# Loading the dataset
The code for this notebook was taken from this [Github Repo](https://github.com/DiveshRKubal/LargeLanguageModels/blob/main/Zero_Shot_Text_Classification/Zero_Shot_Text_Classification.ipynb), all credits go to DiveshRKubal. In this notebook I am going to breakdown each code-block and explain whats happening to learn the concept of zero-shot learning.

To start we will load the rotten tomatoes dataset from the Hugging Face Datasets Library. This dataset from rotten tomatoes consists of movie reviews which are either labeled as positive or negative. 

The DatasectDict looks like a python dictionary, but with special-dataset objects. This specific dataset consisnt of 3 splits:

- Train
- Validation
- Test


In [1]:
# Importing the load_dataset function from the datasets library
from datasets import load_dataset

# Loading the "rotten_tomatoes" dataset and storing it in the variable 'data'
data = load_dataset("rotten_tomatoes")

# Printing the content of the loaded dataset to the console
print(data)

DatasetDict({
    train: Dataset({
        features: ['text', 'label'],
        num_rows: 8530
    })
    validation: Dataset({
        features: ['text', 'label'],
        num_rows: 1066
    })
    test: Dataset({
        features: ['text', 'label'],
        num_rows: 1066
    })
})


Each split has 2 features:

- `text`: de filmreview
- `label`: a numeric label (0 = negative, 1 = positive)

In [2]:
for split in ['train', 'validation', 'test']:
    print(f"Example from {split} set:")
    print(data[split][0])
    print("-" * 40)

Example from train set:
{'text': 'the rock is destined to be the 21st century\'s new " conan " and that he\'s going to make a splash even greater than arnold schwarzenegger , jean-claud van damme or steven segal .', 'label': 1}
----------------------------------------
Example from validation set:
{'text': 'compassionately explores the seemingly irreconcilable situation between conservative christian parents and their estranged gay and lesbian children .', 'label': 1}
----------------------------------------
Example from test set:
{'text': 'lovingly photographed in the manner of a golden book sprung to life , stuart little 2 manages sweetness largely without stickiness .', 'label': 1}
----------------------------------------


This print shows some example values from the train, validation and test set.

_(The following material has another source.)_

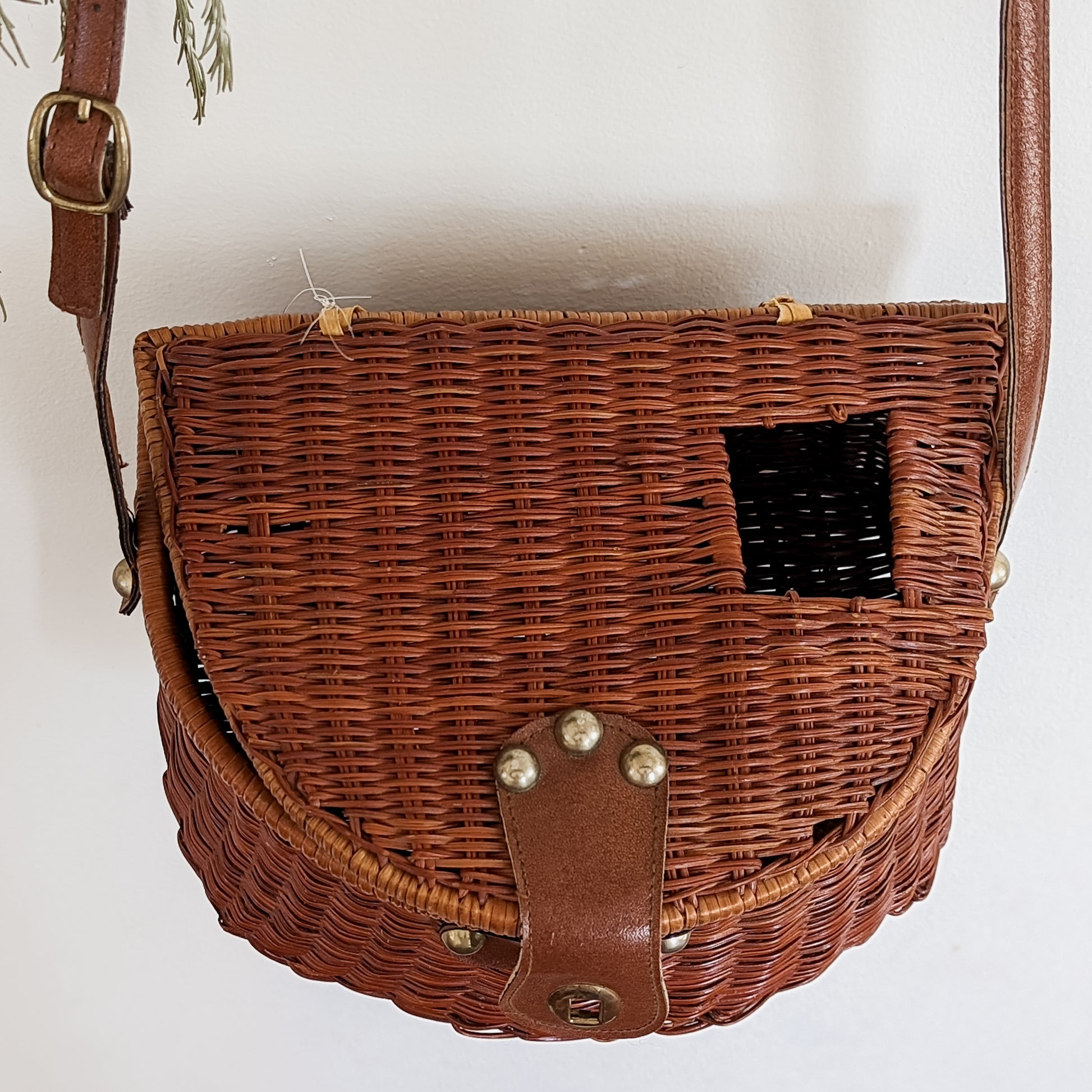 Woven Creel Basket / Foraging Basket with Leather Strap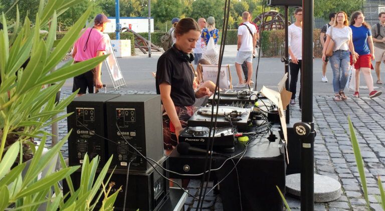 The area in front of Lola Montez’ beautiful location at Honsellbrücke in Frankfurt was our home for the day and we invited a slab of friends and favorites from Frankfurt and around to join the fun and to play music for our listeners and visitors.

As you can see the dataset is built on a review and then the label. All examples above show positive reviews.

In [3]:
# Check the features of the dataset and their types
print(data["train"].features)

{'text': Value('string'), 'label': ClassLabel(names=['neg', 'pos'])}


# Load Embeddings Model

Below here we're importing `SentenceTransformer` which is made to conver sentences to vectors.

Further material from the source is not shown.